A decisão do ministro Kassio Nunes Marques, presidente do TSE (Tribunal Superior Eleitoral), de suspender a divulgação da pesquisa do instituto AtlasIntel — questionada pela campanha do senador Flávio Bolsonaro (PL-RJ) — gerou divergências entre advogados e especialistas em direito eleitoral consultados pela Folha. O caso expõe tensões no cenário político nacional, onde a disputa eleitoral de 2026 já mobiliza estratégias jurídicas e midiáticas, e levanta questionamentos sobre os limites do poder cautelar da Justiça Eleitoral.

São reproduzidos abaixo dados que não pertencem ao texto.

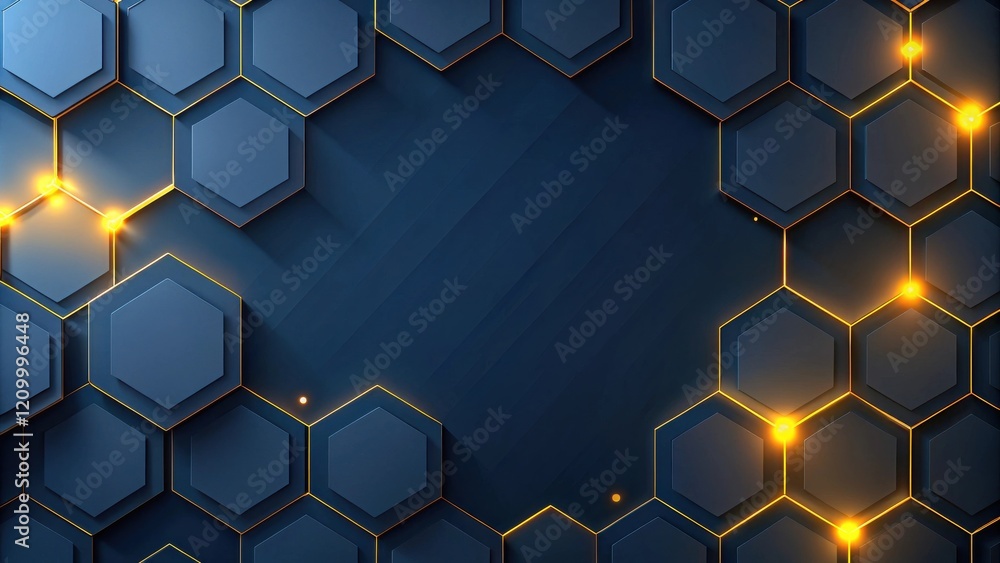 Abstract Hexagonal Structures with Glowing Inner Lights, a Futuristic Design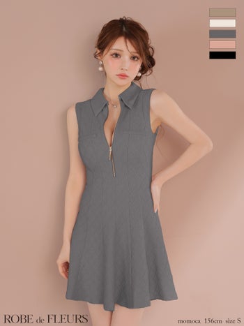 4. 予約商品【2月中旬入荷予定】【ROBEdeFLEURS/ローブドフルール】襟付き ノースリーブ ジップデザイン シンプル ラメ フレアミニドレス (fm4212)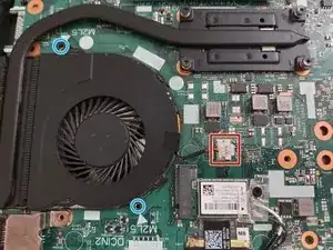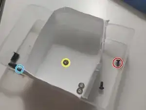 Вверните обратно 2 винта M2.5 x 8 мм в отмеченные синим кругом отверстия.
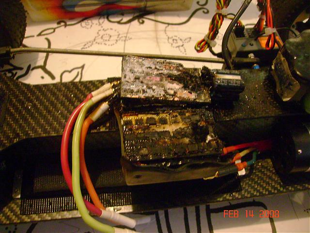 . That's when I didn't hesitate and went running towards the truck took the body off and unplugged everything. The flames happened very fast and you can see it almost burned the body and the wires from one of the packs. The Velcro straps melted in a couple of spots. Man, I was loving this controller as all I heard from others was the horrible stories of it catching on fire. So if you have a Schulze and your vehicle rolls backwards, don't hit the throttle. Wait until it comes to a complete stop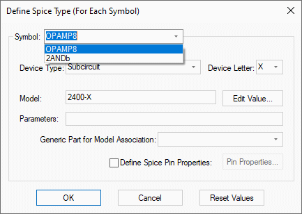 Use Edit Definition to use a specific dialog to easily enter the correct definition on the part to match its symbol. In a schematic design when using Edit Spice Value/Model (or F7) on one of these devices, the same specific definition dialog will be displayed. Changing the definition of the part in a schematic design will replace the part with one from the library matching the new definition.
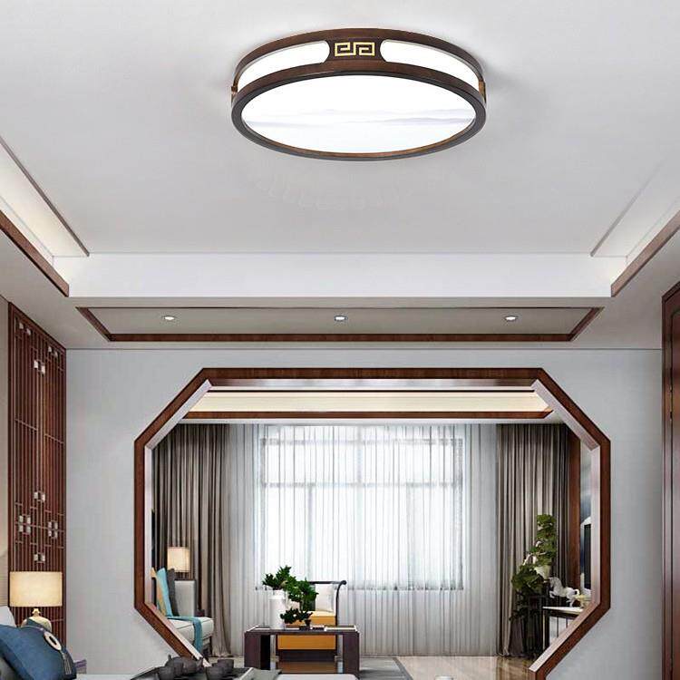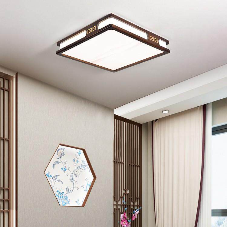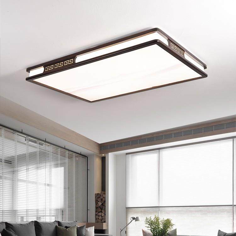 实木新中式客厅灯吸顶灯 led超薄长方形厅灯橡木灯饰胡桃木色灯具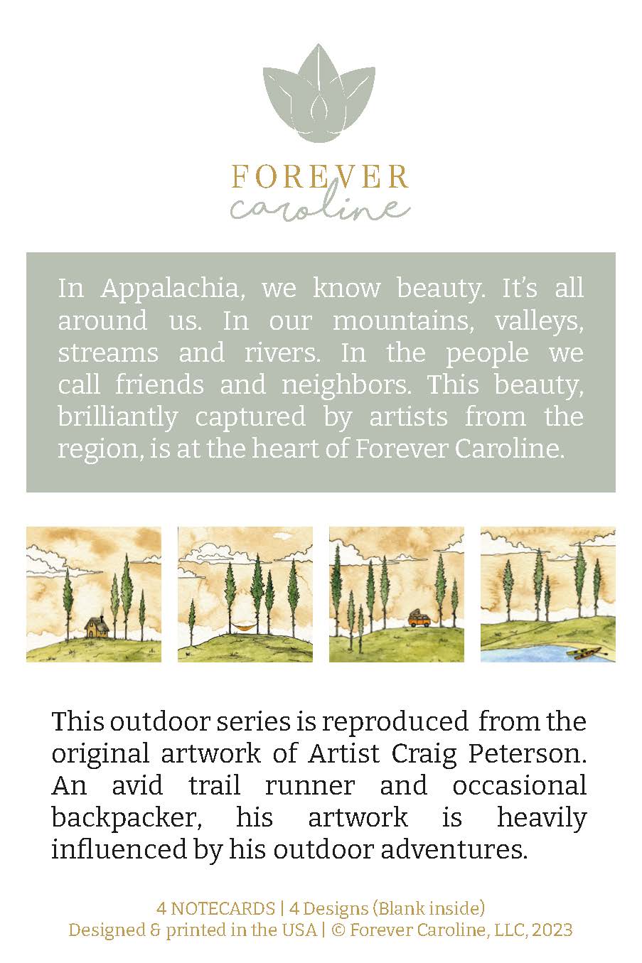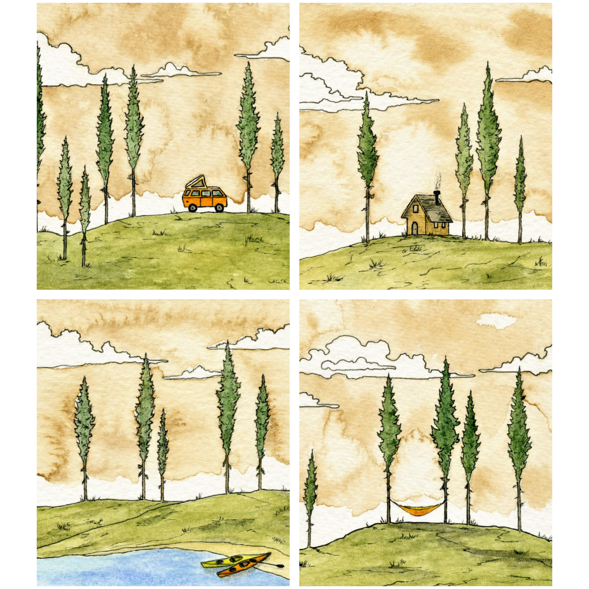 Outdoor Adventure Notecard Set | Hammock, Van, Cabin, Kayak | 4 Card Set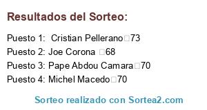 Lista de participantes: S. De Scigilio 77, Ola John 77, Cirilio Saucedo 75, Gandofi 74, Fidel Martinez 74, Duvier Riascos 73, Cristian Pellerano 73, J. Forrest 72, Pape Abdou Camara 70, Michel Macedo 70, F. Arce 70, Joe Corona 68.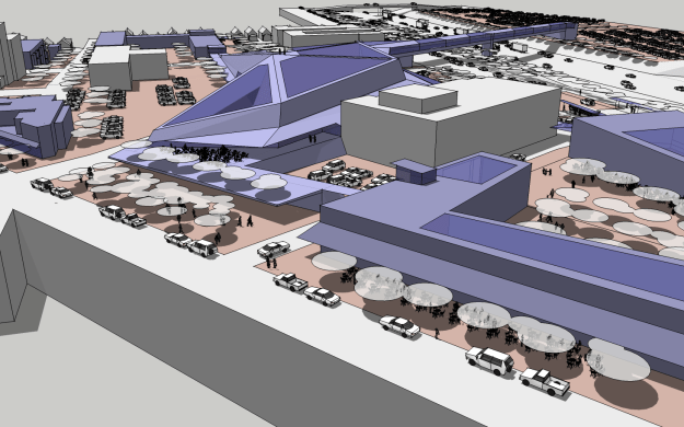 In this aerial view from the east, an arrangement of new commercial buildings will sit atop a two-level parking garage and offer mixed uses such as restaurants, retail and office spaces [click to enlarge].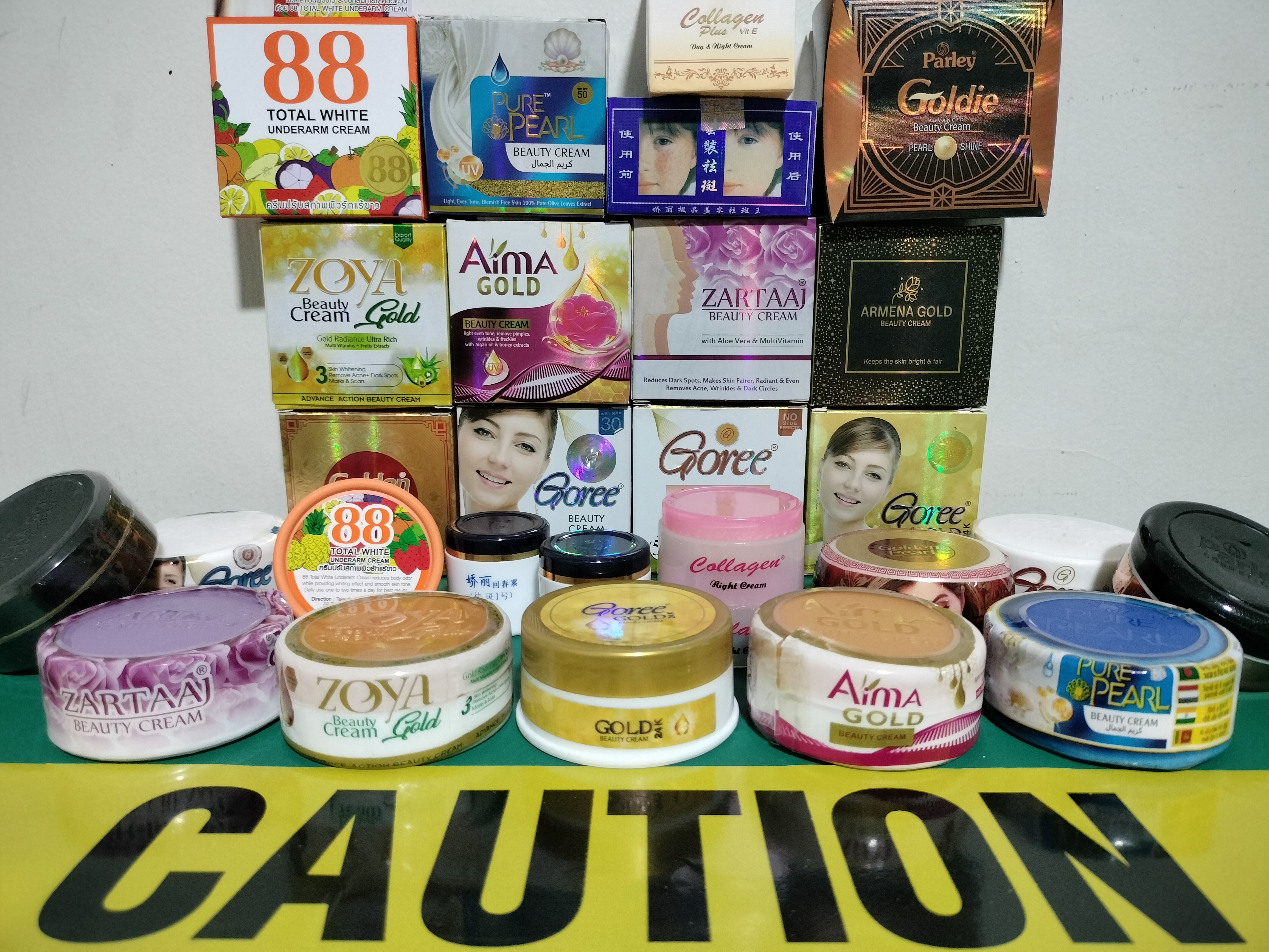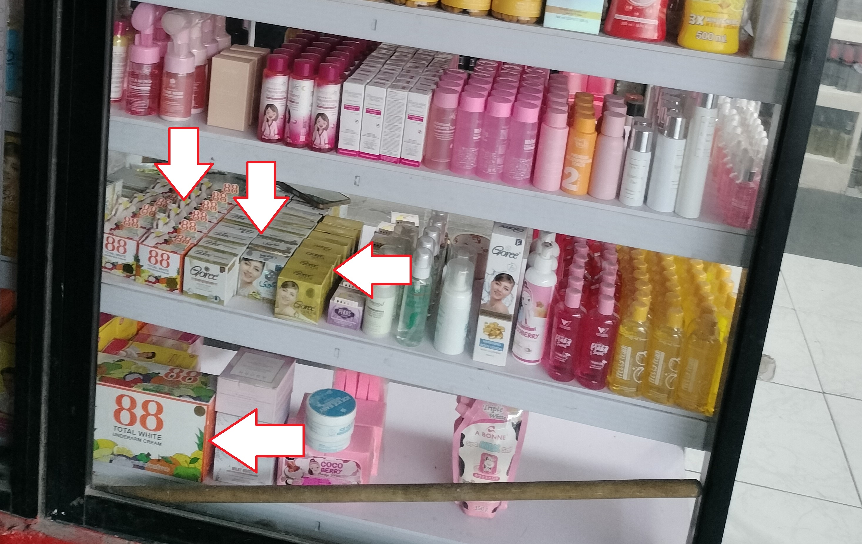 Openly sold in these stores are eight cosmetics banned by the FDA from 2010 up to 2023 for containing mercury and/or for lacking market authorization, including 88 Total White Underarm Cream, Collagen Plus Vit E Day & Night Cream, Golden Pearl Beauty Cream, Goree Beauty Cream with Lycopene, Goree Day & Night Beauty Cream, Goree Gold 24K Beauty Cream, Jiaoli Miraculous Cream, and Parley Goldie Advance Beauty Cream.

A suspensão foi motivada por uma representação da coligação de Flávio Bolsonaro, que alegou irregularidades metodológicas no levantamento do AtlasIntel. A pesquisa, divulgada em 8 de junho de 2026, apontava o ex-presidente Luiz Inácio Lula da Silva à frente do senador em um eventual segundo turno, com diferença de 7 pontos percentuais. O instituto defende a lisura de seus dados, enquanto a campanha do PL argumenta que a metodologia viola normas do TSE.
Divergências jurídicas e impacto político
Para parte dos juristas ouvidos, a medida de Kassio Nunes Marques é legal e visa garantir a paridade de armas entre candidatos. “O presidente do TSE tem competência para decidir monocraticamente em casos urgentes, e a suspensão pode ser necessária para evitar danos irreparáveis à imagem de um candidato”, afirmou o advogado eleitoral Carlos Eduardo de Oliveira. Já outros especialistas criticam a decisão, apontando risco de censura prévia. “A suspensão de uma pesquisa sem análise aprofundada do mérito fere o direito à informação e pode ser usada como instrumento de manipulação política”, disse a professora de direito constitucional Marina Silva Santos.
O episódio ocorre em meio a um cenário político polarizado, com pesquisas eleitorais sendo alvo constante de contestações judiciais. Apenas em 2026, o TSE já registrou mais de 50 pedidos de suspensão de levantamentos, número que supera o de eleições anteriores. A decisão de Kassio Nunes Marques também reacende o debate sobre a atuação do Judiciário no processo eleitoral, especialmente em um ano em que a confiança nas urnas e nos institutos de pesquisa é tema central da campanha.
O AtlasIntel informou que recorrerá da decisão, enquanto a campanha de Flávio Bolsonaro comemorou a suspensão como uma vitória contra “pesquisas fraudulentas”. A Folha tentou contato com o gabinete do ministro Kassio Nunes Marques, mas não obteve retorno até a publicação desta reportagem. O caso deve ser analisado pelo plenário do TSE nos próximos dias, em uma sessão que promete ser acirrada.